Sounds like something that an old person would wish upon their own bowel.

I run to the gutter today, as I believe that is where the nation (as a whole) is headed.

Actually, to the sewer.

Well, I realized that I had said that I would try and keep this column from getting too personal.

As a (former) student of journalism (I’ve now crossed over to a full embrace of Public Relations), but as a former student I remember all-too-well the journalism professor’s admonition to “never get in the way of the story”.
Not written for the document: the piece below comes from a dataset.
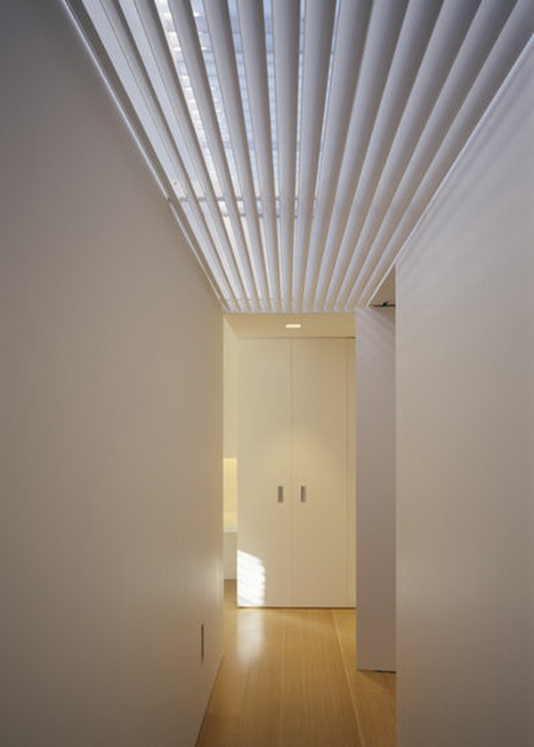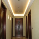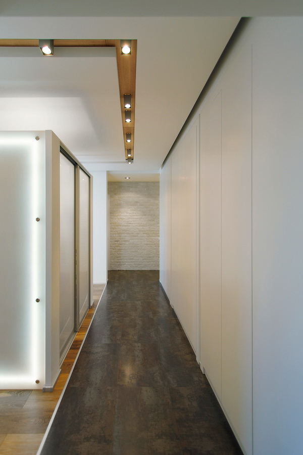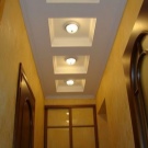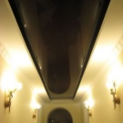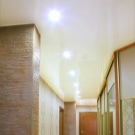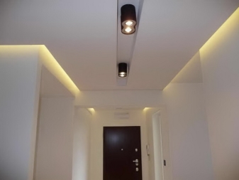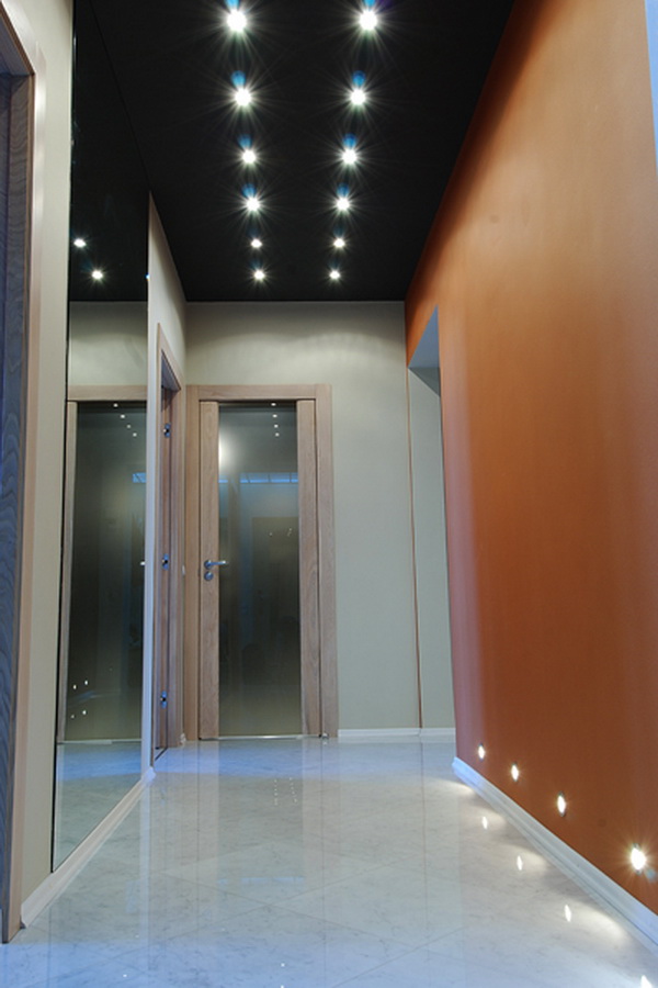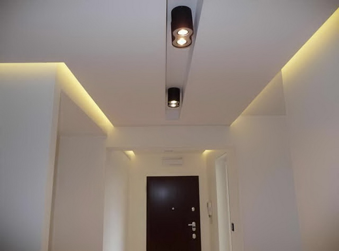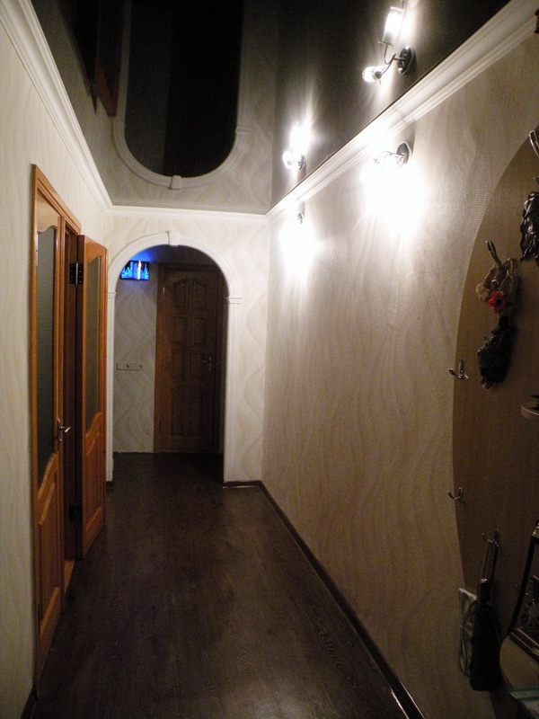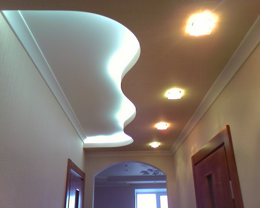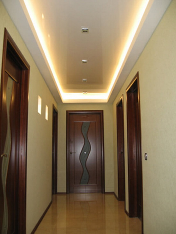 Für einen langen Korridor. Diese Anordnung des Flurs findet man am häufigsten in unseren Wohnungen. Die Deckengestaltung sollte folgende Aufgaben lösen: den Raum optisch erweitern und den Raum verkürzen. Es ist besser, die Optionen zu wählen, bei denen die Farbe der Decke heller erscheint als der Schatten der Wände. Die beste weiße Oberfläche wird berücksichtigt. Das Volumen wird glänzend glänzende Materialien erzeugen und die Querlinien werden den Korridor erweitern. Komplizierte mehrschichtige Gipskartonstrukturen an der Decke und LED-Beleuchtung helfen, die Situation zu glätten.

I also remember them telling us that such stories (articles, which EVERYONE always referred to as “stories” – a concept that warrants a future diatribe in another column) – telling us that such stories belong on the OP ED page (opposite the editorial; the editorial page is the page upon which seasoned journalists get to “opine” and / or “vent” (you make the call) — “OP ED” is the page where you (read “kooks” as in “anyone who would take the time to write in to the newspaper), but it is the place where you and I can “vent” and “opine” just across from those professional “kooks” who get paid to be kookie.

Well, what is a blog if not an OP ED page (and thank God, I don’t get paid).

Health Care, revisited

So what rules is ol’ Precipii going to break today?
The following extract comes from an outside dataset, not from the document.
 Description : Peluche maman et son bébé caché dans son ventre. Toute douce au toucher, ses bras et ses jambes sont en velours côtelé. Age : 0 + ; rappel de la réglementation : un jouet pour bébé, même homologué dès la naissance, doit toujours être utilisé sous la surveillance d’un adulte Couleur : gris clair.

How ’bout all of them (at least where ObamaNation is concerned).

I try and not make a huge deal out of this, but I suffer from a malady known as Rheumatoid Arthritis (RA, for short).

It (RA) affects my body in such a way that my immune system (which I have learned is much, much more complex than what they teach us in health class; it is more than just white blood cells (1, 2, 3, 4, 5, 6).

Now the reason I’m spending so much time on this is that I am “stretching” my rules about getting personal as I think my experience here speaks volumes about the coming health care system.

Yesterday … wait, back up.

Six weeks ago, I began thinking I need to get a flu shot.  I started researching what is going on, and I learned that the greatest success rates on the swine flu indicates that the hospital workers who took the mist (the one containing the live virus) were having fewer incidences of catching the flu than those who took the injections (containing “dead” virus).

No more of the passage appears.